Some other actions to reduce telemetry data are:

  • Implementing open telemetry tail sampling to ensure you’re only getting relevant data and not bloating observability platform with data that isn’t useful like a whole lot of successful logs.
  • Setting up parsing rules to simplify complex json when you don’t need all that information.
  • Reducing cardinality or unique series per metric for less important information.

Directing data to the right type of storage

It’s easy to say “store less data”, but in practice you often will need to retain certain logs, metrics, and traces for regulatory reasons like auditing and compliance. A greener approach here is to pre-determine where different types of data should be stored and what the lifecycle policy on that type of data is.

With Coralogix, you can set up policies for different types of data and route them into different storage tiers. For example, keeping frequently searched data indexed and searchable, while sending the bulk of your data to a monitoring tier that can be easily queried while not needing to be indexed or a compliance tier in archive storage – saving a lot of energy demands. The Total Cost of Ownership optimiser also shows you the predicted reduction in units compared to your baseline.

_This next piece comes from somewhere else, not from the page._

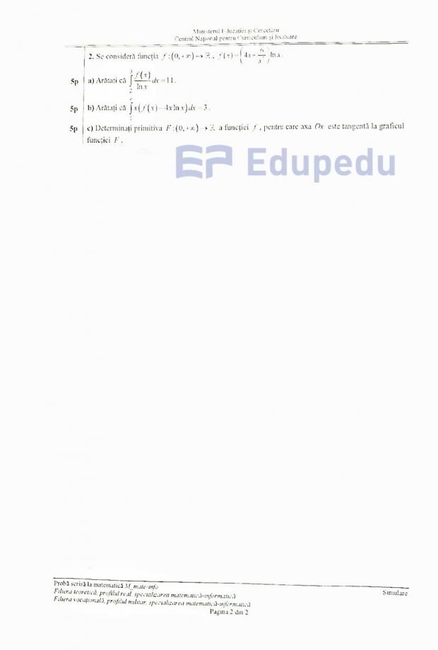 Subiecte Matematică, specializarea Mate-Info
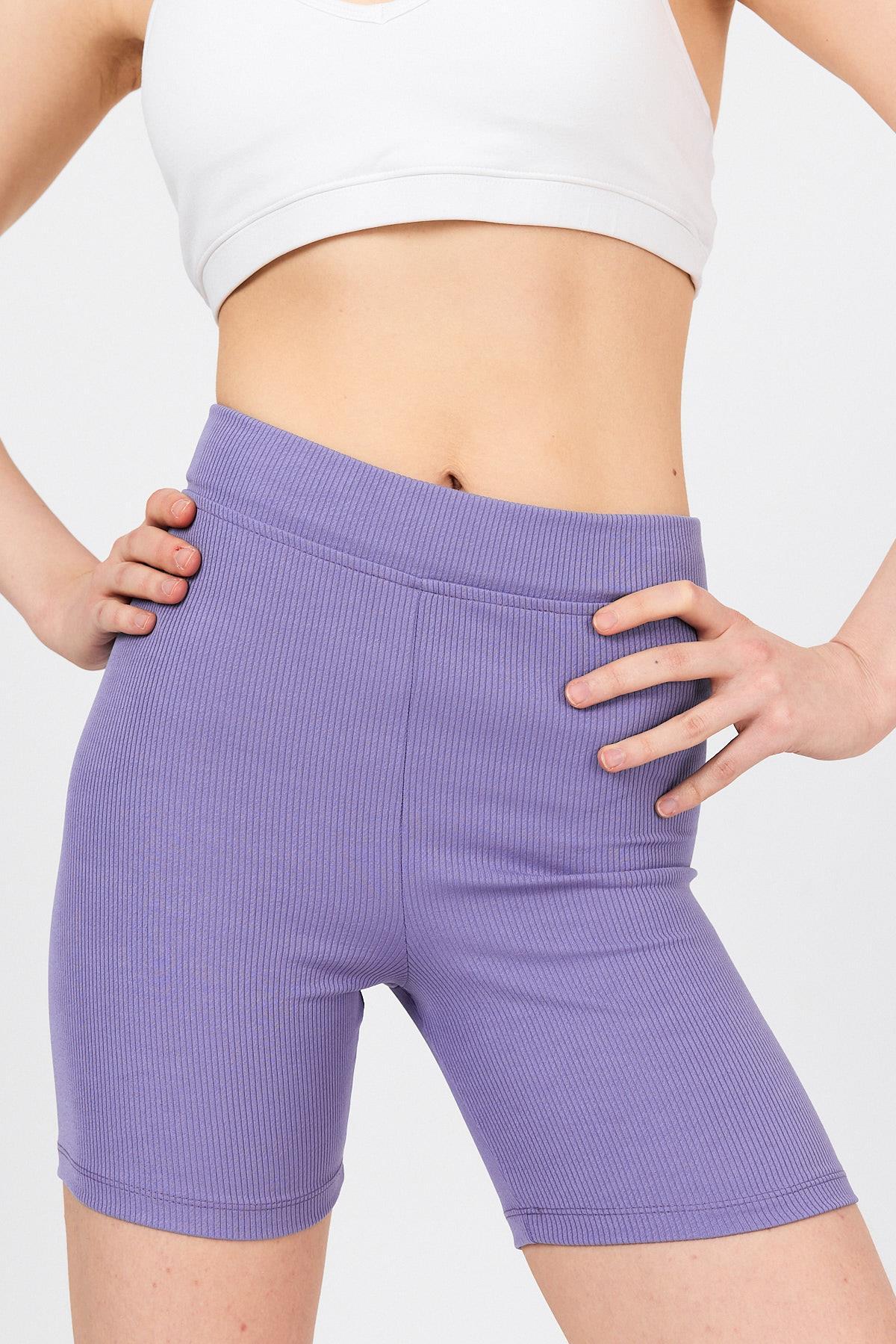 Lila Fitilli Biker Şort 2190M

Setting a rule depending on a filter :

Different types of data can have different data retention policies too – instead of setting a longer default period for everything.

These strategies balance visibility with efficiency, reducing both cost and energy use.

Architecting OpenTelemetry for efficiency

OpenTelemetry collectors on Kubernetes are commonly set up using either DaemonSet or SideCar patterns. Research comparing different OpenTelemetry Collector architectures found that DaemonSet deployments consistently used fewer resources than sidecars, reducing CPU and memory overhead across the cluster.

Observability is a key part of your technology stack, so it’s important to think about how it contributes to the overall carbon footprint of your software. Being intentional with how you set up your pipelines means you can set and forget it, while the small choices add up to a larger impact over time.